Nothing outside the lines below from the one containing "Handout photo taken" through the one containing "自《课堂,请忘记手机》倡议书" is to be printed; print those exactly, ends included, and drop the pictures.

- **Given entries**:
-- -- --

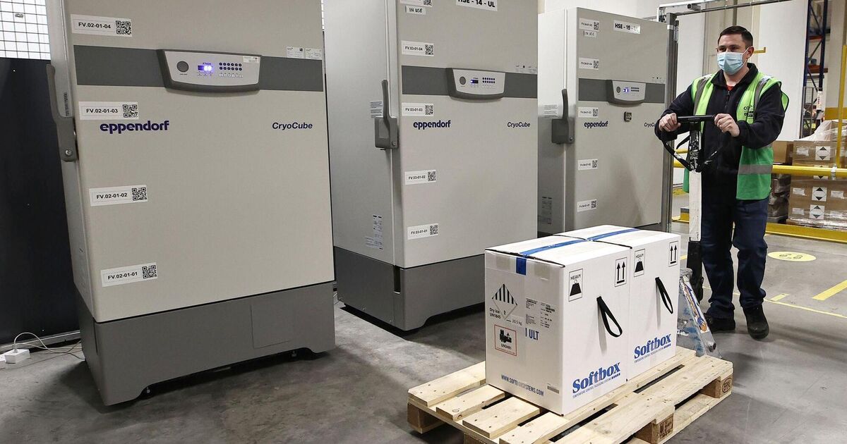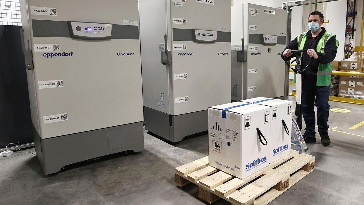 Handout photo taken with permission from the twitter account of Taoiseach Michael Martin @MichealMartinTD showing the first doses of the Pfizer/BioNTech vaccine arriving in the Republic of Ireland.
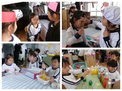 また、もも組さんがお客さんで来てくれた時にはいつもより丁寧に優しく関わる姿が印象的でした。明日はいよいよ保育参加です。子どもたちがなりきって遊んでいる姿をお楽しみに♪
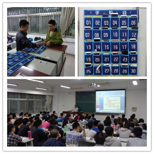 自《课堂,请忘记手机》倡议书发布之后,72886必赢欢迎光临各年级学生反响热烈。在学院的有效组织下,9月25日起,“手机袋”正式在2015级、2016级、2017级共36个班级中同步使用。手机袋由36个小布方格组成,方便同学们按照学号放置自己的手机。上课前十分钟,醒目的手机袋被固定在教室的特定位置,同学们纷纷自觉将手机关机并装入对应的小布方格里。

-- -- --

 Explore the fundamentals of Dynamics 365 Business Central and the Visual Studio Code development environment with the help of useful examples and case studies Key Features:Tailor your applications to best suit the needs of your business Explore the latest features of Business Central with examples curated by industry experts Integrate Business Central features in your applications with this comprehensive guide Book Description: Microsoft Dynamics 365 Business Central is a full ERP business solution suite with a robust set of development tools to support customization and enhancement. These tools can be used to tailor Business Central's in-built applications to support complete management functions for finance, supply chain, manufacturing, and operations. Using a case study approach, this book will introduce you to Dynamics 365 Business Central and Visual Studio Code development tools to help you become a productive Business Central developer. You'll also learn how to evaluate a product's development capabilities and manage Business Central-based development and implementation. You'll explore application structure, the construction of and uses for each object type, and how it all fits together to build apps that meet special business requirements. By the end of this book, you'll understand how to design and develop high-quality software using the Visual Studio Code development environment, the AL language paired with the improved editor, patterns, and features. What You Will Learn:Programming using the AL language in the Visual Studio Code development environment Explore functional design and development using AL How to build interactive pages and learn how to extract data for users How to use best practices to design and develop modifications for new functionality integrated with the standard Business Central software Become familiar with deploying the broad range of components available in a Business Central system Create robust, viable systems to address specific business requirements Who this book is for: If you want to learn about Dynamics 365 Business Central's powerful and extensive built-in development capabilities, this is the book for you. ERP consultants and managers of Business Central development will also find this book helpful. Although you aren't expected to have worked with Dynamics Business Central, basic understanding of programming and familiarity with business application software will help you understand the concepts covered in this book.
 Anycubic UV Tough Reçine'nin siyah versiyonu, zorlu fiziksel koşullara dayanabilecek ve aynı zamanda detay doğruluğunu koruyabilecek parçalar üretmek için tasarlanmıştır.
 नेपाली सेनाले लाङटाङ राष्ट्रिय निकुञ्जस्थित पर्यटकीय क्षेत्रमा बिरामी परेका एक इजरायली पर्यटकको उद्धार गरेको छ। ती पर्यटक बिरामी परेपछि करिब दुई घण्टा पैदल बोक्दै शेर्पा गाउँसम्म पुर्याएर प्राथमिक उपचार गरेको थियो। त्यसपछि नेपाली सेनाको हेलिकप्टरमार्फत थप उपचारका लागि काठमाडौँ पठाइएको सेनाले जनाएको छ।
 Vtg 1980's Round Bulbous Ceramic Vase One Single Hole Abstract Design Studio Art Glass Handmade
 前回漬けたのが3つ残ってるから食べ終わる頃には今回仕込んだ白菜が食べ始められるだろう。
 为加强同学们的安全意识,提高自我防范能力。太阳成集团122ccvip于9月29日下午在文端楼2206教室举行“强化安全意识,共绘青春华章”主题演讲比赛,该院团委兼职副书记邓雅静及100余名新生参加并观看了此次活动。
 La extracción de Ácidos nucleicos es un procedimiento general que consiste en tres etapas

-- -- --

- **Task result**:
 Handout photo taken with permission from the twitter account of Taoiseach Michael Martin @MichealMartinTD showing the first doses of the Pfizer/BioNTech vaccine arriving in the Republic of Ireland.
 また、もも組さんがお客さんで来てくれた時にはいつもより丁寧に優しく関わる姿が印象的でした。明日はいよいよ保育参加です。子どもたちがなりきって遊んでいる姿をお楽しみに♪
 自《课堂,请忘记手机》倡议书发布之后,72886必赢欢迎光临各年级学生反响热烈。在学院的有效组织下,9月25日起,“手机袋”正式在2015级、2016级、2017级共36个班级中同步使用。手机袋由36个小布方格组成,方便同学们按照学号放置自己的手机。上课前十分钟,醒目的手机袋被固定在教室的特定位置,同学们纷纷自觉将手机关机并装入对应的小布方格里。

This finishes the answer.